The high budget that went into the graphics really shows; this game doesn't look like some cheap game were they stinted on the graphics (like, say, Deus Ex or Shadow Watch). Every thing looks good, top-notch quality. You can really tell how much the developers put into the graphics by just admiring the sheer quality of the graphcis: clear cut lines, minimal pixelation, rich textures. Just look at the blue sims loading screen when you start up the game. Notice the clear lines, the rich color, the excellent taste. A level of graphical sophistication most games don't even touch. The graphics just reek of quality.
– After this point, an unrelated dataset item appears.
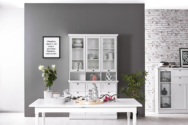 Do jídelny se určitě bude hodit příborník, vitrína, kredenc či jiná hezká skříňka, která prostor náležitě pozvedne a zároveň nabídne praktické úložné místo pro nádobí či vystavení dekorací.

Another point to take into consideration is the Full-Motion Video intro. It basically consists of the in-game graphics, spruced up with some special effects. While it isn't Diablo II, the movie clip looks really good, of roughly the same quality as Rogue Spear's movie clips.
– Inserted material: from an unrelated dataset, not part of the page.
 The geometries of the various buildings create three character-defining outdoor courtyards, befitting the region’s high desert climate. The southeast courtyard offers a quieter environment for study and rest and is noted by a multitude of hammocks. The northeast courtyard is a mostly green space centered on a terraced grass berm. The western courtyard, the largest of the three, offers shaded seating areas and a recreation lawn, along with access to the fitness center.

Also of note are the 3D models for each sim. These are some of the better 3D models I've seen! They look better than that of most games -- like Thief or System Shock. They probably don't look like much to many people because they're so small, but scale them to the size of your normal first person shooter and you'll find that a lot of the models are of excellent quality.

The best thing about the Sim's graphics is that it's so easy to customize. If you don't have the technical savvy to do it (like myself, hehe), you can easily download a ton of user-made textures from all over the net. These give you more walls, more floors, more house hold items, more skins for your sims, the works! This is one of the lasting appeals of this game. I've even seen some Lara Croft skins, some X-Men skins, and more! With the whole wild internet as your playground, you'll have a ton of graphics to download, ensuring you won't get sick of the graphics fast.

All this quality, and the incredible customization options, deserves a five, no questions asked.

SOUND: The sound of this game is excellent. I can't stress that enough. Everything fits perfectly. The music is cheerful, homey music that fits the atmosphere of the game perfectly. The sound effects are more than adequate for what they do, from the ''chaching'' of a cash register when you make payments, to the swooshing motion as the sims change clothes, to the TV programs that you hear from the old tube.

The best part is the actual ''speech'' of the sims. I don't understand why just about everyone seems to hate the so-called ''sim-talk.'' I thought it was perfect, one of the best ideas I have ever seen for voice-acting in a game! Finally, we have broken free from the evil ''Dune II Real Time Strategy Click Me I'll Squeak Gibberish'' voice-acting syndrome that's been plauging just about every genre. When sims don't speak real lines, you can just assume what they're saying, your imagination is free to make up whatever dialogue they say, based on the little topic bubles that pop up when they speak. What this means is that you'll never get sick of hearing the same lines being spoken over and over again (yes, Yoshimo, I'm talking to you, ''All the world is blind to my passing.'') Definitely a good thing.

The only real drawback to the ''voice-acting'' of the sims is that there isn't enough to go around. I think even two or three extra sets of voices would have worked wonders; there is only one set of voices for adult male and another for adult female. Still, it's not an earth-shattering problem, and as I said earlier it's all about giving you the freedom to assume what your sims are saying. The great quality of the sound cannot be denied.

Another really slick feature in the game is the ability to customize the music to your taste. Like the graphics, the sound is equally customizable. Don't like that homey music that comes with the game? Stick in your favorite MP3 into the appropriate folder and you're on your way to making the game sound just the way you like! This is a great feature which I wish all games had. Kudos to the guys at Maxis for thinking of this very basic, but excellent, idea that everyone else has, for some stupid reason, overlooked.

So innovative, so good, and so customizable, the sound merits a five, no doubt.